Why Some Homes Remain Vacant

Understanding why people leave their homes vacant is not only important for gaining insights into the perspective of property owners and investors but also for assisting the Canadian government in better understanding the reasons influencing these decisions and coming up with better solutions.

Fear of Tenant Disputes

Some landlords avoid tenants due to the risk of legal battles. In Ontario, for example, evictions can be challenging even in cases of property damage or criminal activity.

Investment Strategy

Some owners keep homes empty to wait for property values to rise, aiming for capital gains instead of rental income.

Second Homes or Vacation Properties

Many owners split time between multiple homes.
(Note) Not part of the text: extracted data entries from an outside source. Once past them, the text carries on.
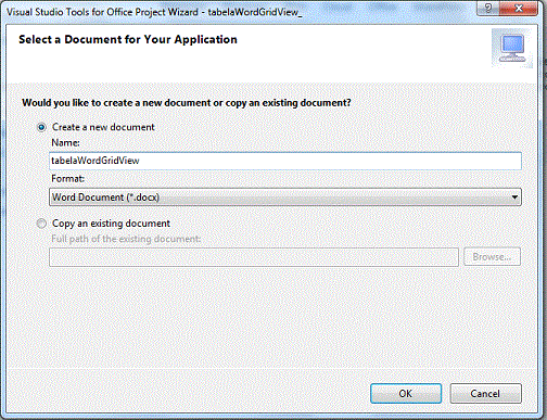 Abra o Visual Studio 2010 e no menu File->New Project, selecione o template Office -> 2007 -> Word 2007 Document e informe o nome tabelaWordGridView e clique no botão OK;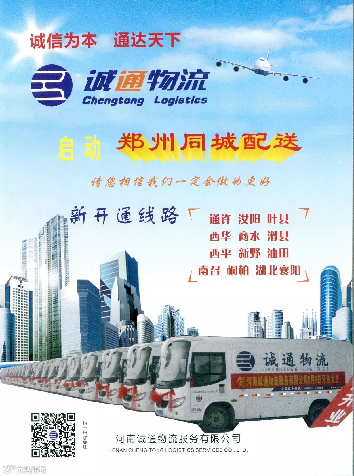 河南诚通物流服务有限公司集运输、仓储、物流配送和国际货代为一体的大型物流企业。公司秉承“诚信为本,通达天下”的经营理念。致力于现代物流业的标准化建设,营造稳健的物流发展新模式。欢迎您的合作、加盟。谢谢!
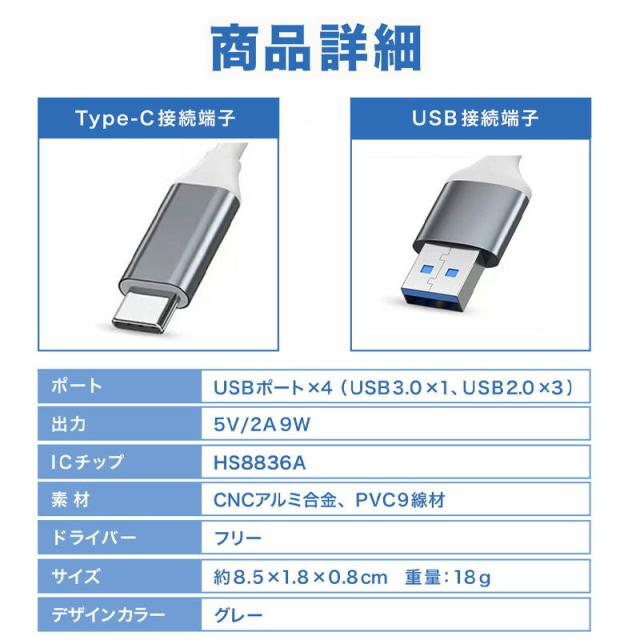 USBハブ 3.0 4ポート Type-C タイプc 増設 高速USB typeC USB3.0 データ転送 デスクワーク コンパ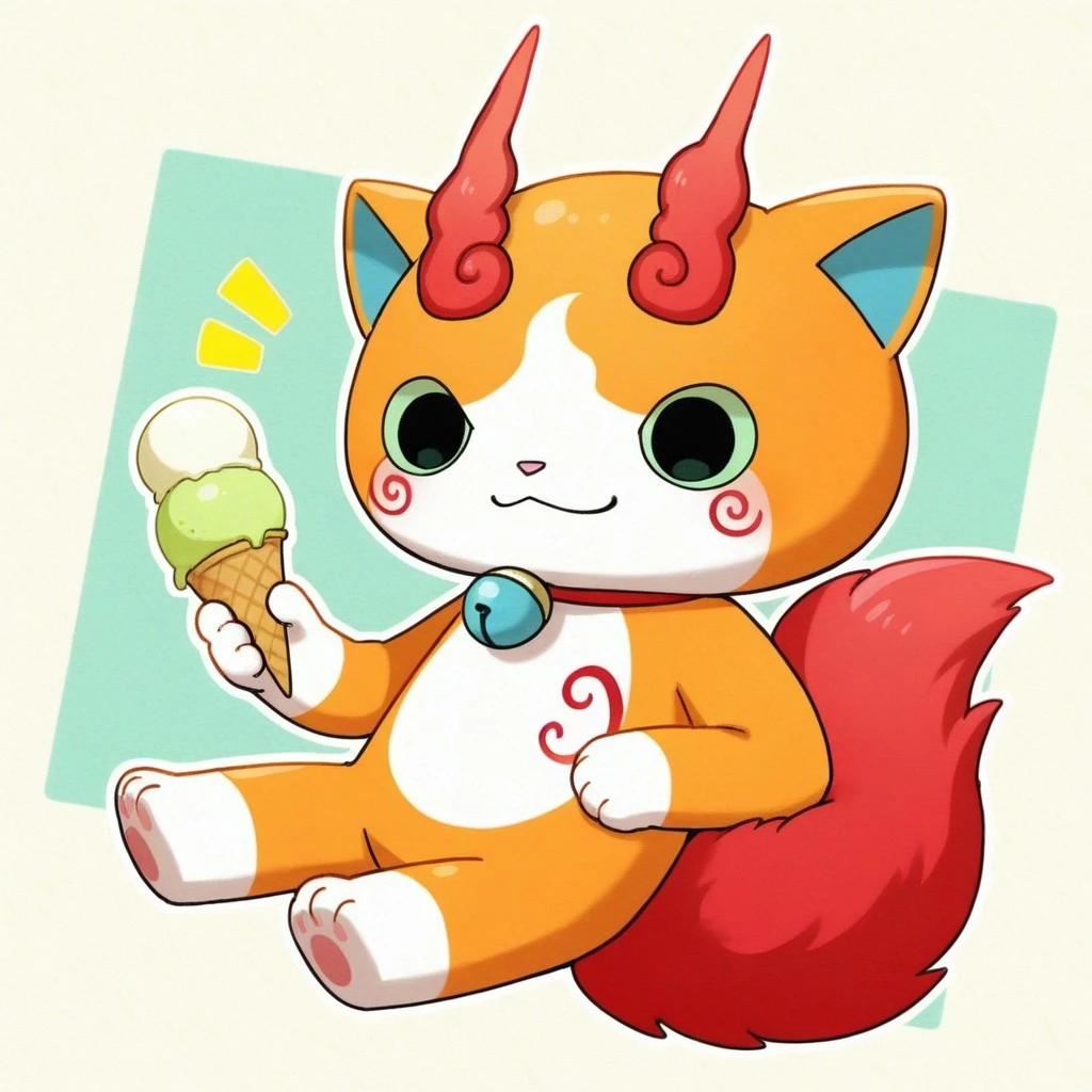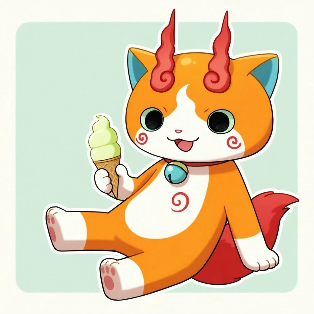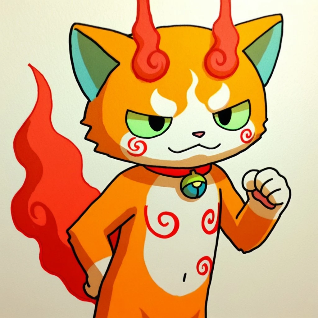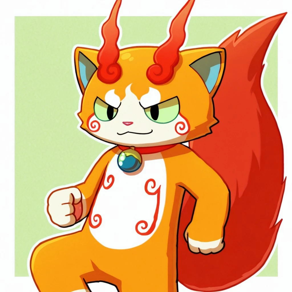 solo,male,feline,traditional yokai,lime green sclera,black eyes,orange body,orange fur,pink nose,red swirls on body,animal ears,blue inner-ears,collar with blue bell,blue countershade torso,red fluffy tail,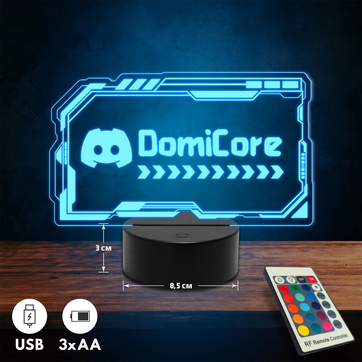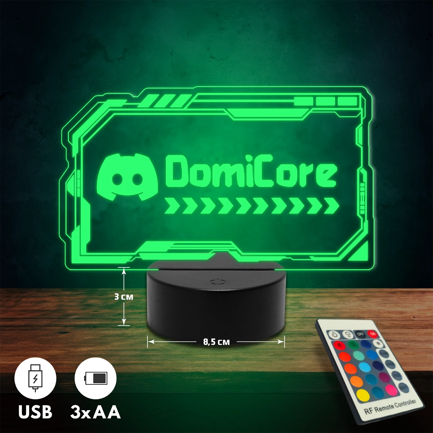 A 3D lámpa USB-kábellel is működtethető, amelyet egyszerűen csatlakoztathatsz számítógéphez, laptophoz vagy hálózati adapterhez. Emellett 3 darab AA elemmel is üzemeltethető (a csomag nem tartalmazza). A lámpa 16 különböző színben világíthat, emellett választhatóak a színváltási módok is: gyors villogás, lassú villogás vagy fokozatos színátmenet. A fény kellemesen lágy, a fényerőt pedig könnyedén állíthatod a mellékelt távirányító segítségével.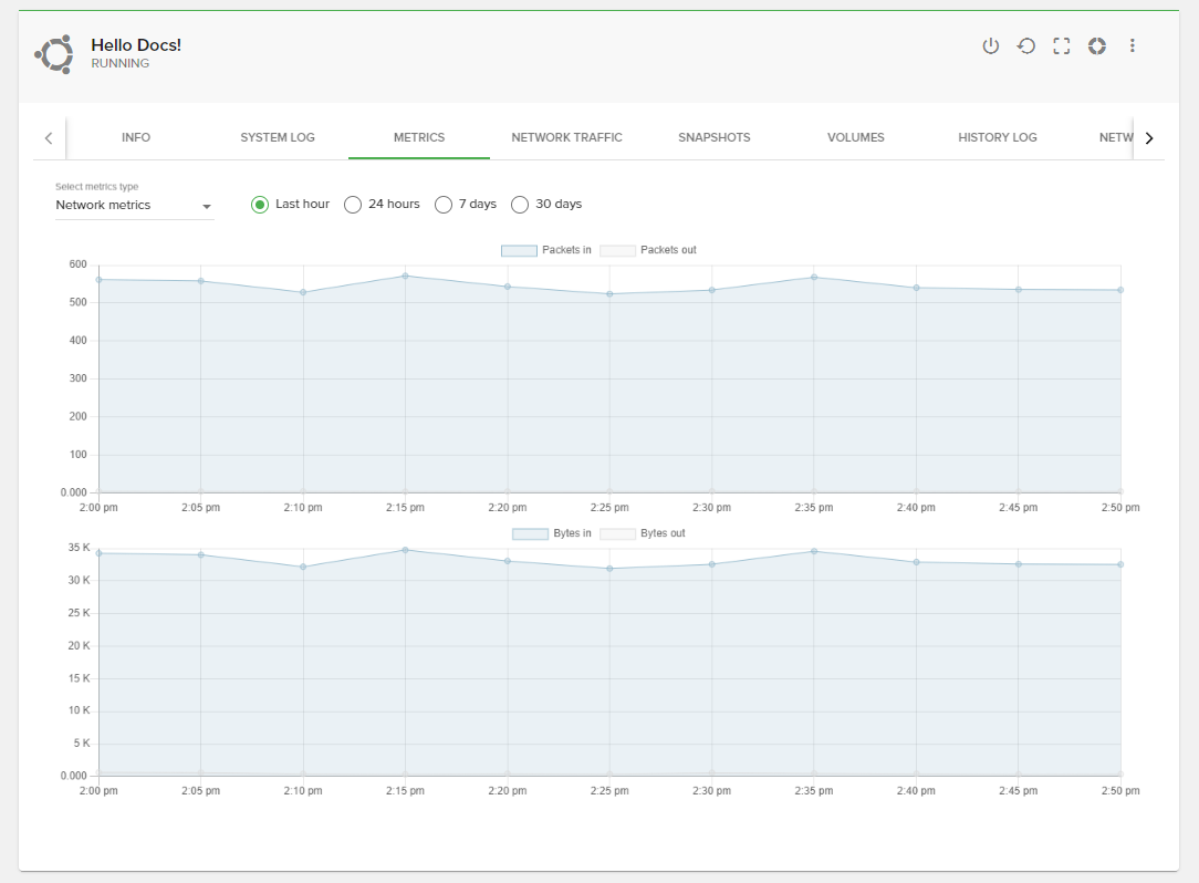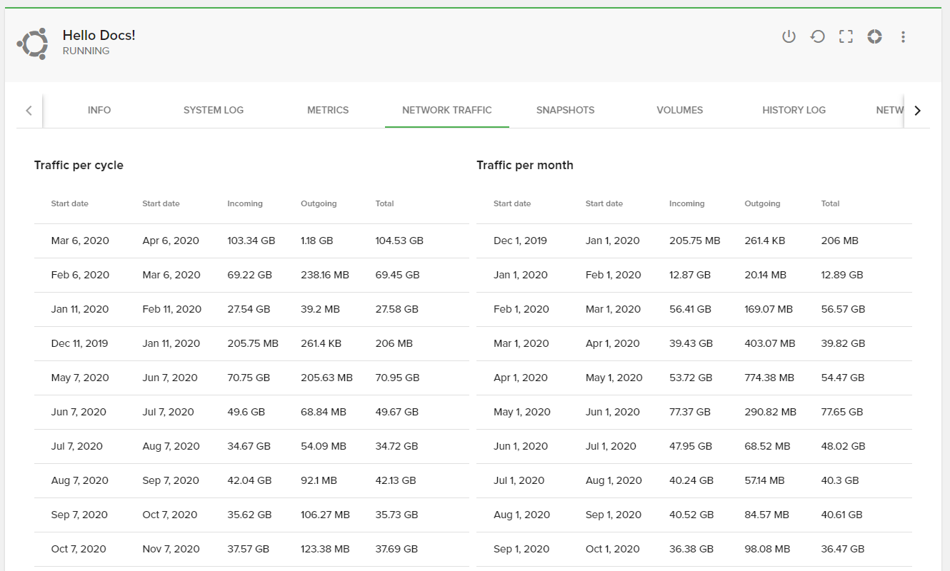 On the network traffic tab you will be able to see a detailed history of the network traffic for that instance:

A property may sit empty for long periods if used only for vacations or part-time work stays.

Construction Delays

Permitting and approval delays can stall renovations or development. As a result, properties stay vacant longer than expected.

A person wearing a hard hat and looking up at a tall crane

Why Some Landlords Still Fail to File the UHT

Complexity of the Process

Many property owners view UHT filing as complicated and time-consuming. To help, the CRA offers an online tool that asks simple questions to determine whether you must file.

Lack of Awareness Among Overseas Owners

Some landlords living outside Canada don’t realize they must file or pay the tax. This gap underscores the need for better education about tax responsibilities.

Conclusion

It’s essential for property owners to understand the Underused Housing Tax and stay compliant. As the government works to address the housing crisis, landlords should stay informed, plan ahead, and file on time to avoid penalties and protect their investments.